Marketing Operations were spending extensive person months just managing and communicating their calendar of planned activities.  Literally, there are multiple companies that have individuals that spend all of their time gathering new and changed information that drive the calendar of marketing activities and formatting the information to communicate it (everything from elaborate graphics to spreadsheets) to people inside and outside the company that need to know.  So, what if there was a tool within marketing automation that allows the people that are managing their marketing projects to easily update their calendar dates that could drive a series of calendars tailored to the audience and available online?  A simple concept extended to scale and married with the current process of marketing project management can really work.   I would love to hear from those of you that relate to this, those doing this or those that have tried and failed.

Marketing Process Management....Oxymoron?

Friday, September 25, 2009 by Jeff Chamberlain
My first job in marketing was with Hewlett-Packard and my title was "Technical Marketing." Since that time this title has probably taken on multiple meanings, but at the time it seemed like an oxymoron (you know - like Jumbo Shrimp).  Having spent my entire career in marketing, the concept of Marketing Process Management suffers from a similar impression.  However, I can attest personally from my own experience and conversations with several marketers, that project management is a major part of marketing whether it is acknowledged or not.  We worked with Peppers and Rogers group to develop a white paper on the Marketing Value Chain that speaks to this aspect of Marketing Operations very well.

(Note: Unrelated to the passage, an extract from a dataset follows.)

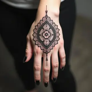 This striking tattoo features a complex geometric mandala design that wraps around the entire upper arm. The artist utilizes dotwork and linework techniques to create an intricate pattern of interlocking shapes and lines.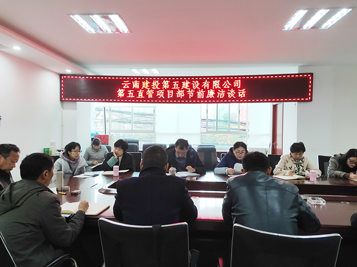 1月2日,第五直管項(xiàng)目部黨支部召開專題會(huì)議,開展節(jié)前廉潔談話。由黨支部書記對(duì)直管部領(lǐng)導(dǎo)班子成員、部門、項(xiàng)目部主要負(fù)責(zé)人、黨員、二線部門管理人員進(jìn)行了一次集中廉潔談話。會(huì)上,黨支部組織黨員集中學(xué)習(xí)了集團(tuán)印發(fā)的《云南省建設(shè)投資控股集團(tuán)有限公司紀(jì)委關(guān)于加強(qiáng)2019年元旦、春節(jié)期間紀(jì)律作風(fēng)建設(shè)的通知》。 黨支部要求黨員干部要進(jìn)一步強(qiáng)化紀(jì)律和規(guī)矩意識(shí),緊繃思想作風(fēng)之弦,始終守住做人、處事、...

Marketing organizations have attacked this issue from many angles.  Some outsource heavily and put this burden on their agencies.  Some just throw more resources at it or bring in outsourced help when they get behind.  Some have hired project experts that drive manual process and some have started using collaboration or workflow tools to address the issue head on.  Very few have gotten very far along in their maturity of dealing with Marketing Process Management and are certainly not close to getting the most out of their resources.  Because that is really what it is about...getting the most of your resources (people, time and money).  You can avoid rush fees, do more in parallel, reduce or eliminate rework from missed legal or creative reviews and learn more about how you operate to optimize your own procedures.  It starts with you defining your marketing processes and committing to supporting and using marketing automation to manage and improve how you work. Oh, and we can help with all of that!

Marketing Operations Software. Now I know!

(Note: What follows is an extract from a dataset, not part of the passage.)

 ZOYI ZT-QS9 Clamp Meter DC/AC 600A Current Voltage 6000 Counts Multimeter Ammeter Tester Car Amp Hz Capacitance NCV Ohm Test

Wednesday, September 23, 2009 by Kati Dafoe

When I graduated from college and entered the business world four years ago, I would've readily admitted that I didn't know much at all about corporate America. There were things I knew I didn't know, like how people managed to work in the same job for years. My experience, to that point, included various jobs that each lasted between four and six months. But, for the most part, I didn't know what I didn't know.

I didn't know that there were thousands of unique job titles in marketing that I could explore with my marketing degree, and I didn't know what those job titles were or meant. Marketing Research. Marketing Communications. Media and Public Relations. Marketing Campaigns. Inside Sales. Graphics. Web Content Management. Product Marketing. Event Management. (I like the sound of that last one...)

I also didn't know there would be applications and programs and software that would help me accomplish and organize my day-to-day work life, let alone that one of those software programs would fall under the marketing operations software umbrella. I definitely didn't know that I'd be working for a company that develops an industry leading product under that umbrella.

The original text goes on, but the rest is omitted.